Fifteen Burmese anti-narcotics agents were killed near Tachilek after drug traffickers ambushed them on the Mekong River on Saturday, according to a source at the local police department.
Speaking to The Irrawaddy on Monday, the source said that the 15 policemen were killed while on patrol boats on the river at 12:30 p.m. On Saturday.
“The drug traffickers ambushed them,” he said. “It was a particularly brutal attack. They fired on the three patrol boats with guns and mortars. All three boats were destroyed.”
The police source said that 12 bodies had been recovered, but that three were missing. He also confirmed that the head of the anti-narcotics squad, Lt Khin Maung Yee, was among the dead.

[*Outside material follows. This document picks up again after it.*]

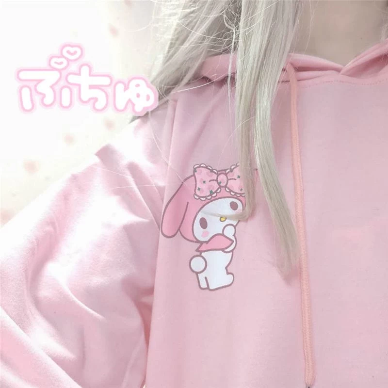 This Kawaii Cozy Melody Pink Hoodie is the perfect way to keep warm during spring and summer. The pink print is cute and sweet, and the oversized hoodie style is perfect for college students. The loose fit allows you to move and breathe easily, and the Japanese ins keeps you cozy all day long.

He added that the local police authorities had requested their Thai counterparts to assist in retrieving any bodies found on the Thai side of the border.
Tachilek is on the Thai-Burmese border in eastern Shan State.
Burmese police sources put the blame for the attack on Shan fugitive Naw Kham, an alleged drug lord who is wanted in Thailand, Burma, China and Laos for drug trafficking.
Naw Kham has been active in and around Tachilek since he became a fugitive in 2006 when a tip-off from Chinese and Thai intelligence services led to a raid at his home in Tachilek and the recovery of a large amount of amphetamines.
Naw Kham is one of the highest profile drug lords of the Golden Triangle and reportedly commands a private militia of about 30 to 40 soldiers.
Despite his notoriety in the region, Naw Kham was not on the most recent wanted list issued by the United States. The 48-year-old Shan was previously loyal to warlord and drug kingpin, Khun Sa.
Burma, Laos, China and Thailand, the four countries in the so-called Golden Triangle region, an area famous for its production of opium and heroin, have said they are all working toward the elimination of drug-trafficking in the region.
Early this month, the Thai anti-narcotics bureau seized 3.66 million methamphetamine pills in Bangkok, which they said were trafficked from Burma.
Most amphetamines and methamphetamines allegedly come from the areas in the Shan State controlled by the United Wa State Army, an armed ethnic group regarded as the biggest player in Burma’s illicit drugs business, according to many official and local sources.
Burmese authorities seized large caches of heroin and amphetamines in Tachilek at least eight times last year.
In July, an anti-narcotics squad reportedly uncovered about 1,000 kilograms of heroin and 340,000 methamphetamine tablets—the largest known haul in Burma last year—in a truck at the Loi Taw Kham checkpoint.
Burma's state-run media reported last week that the authorities had exposed 205 drugs-related cases in January, and seized 11 kilos of opium and six kilos of heroin and other substances.
According to state-run media, the Burmese military regime destroyed 7,893 acres of opium poppy fields in Shan and Kachin states during last year's growing season.
Burma remains the world's second largest producer of heroin after Afghanistan, according to US and UN experts.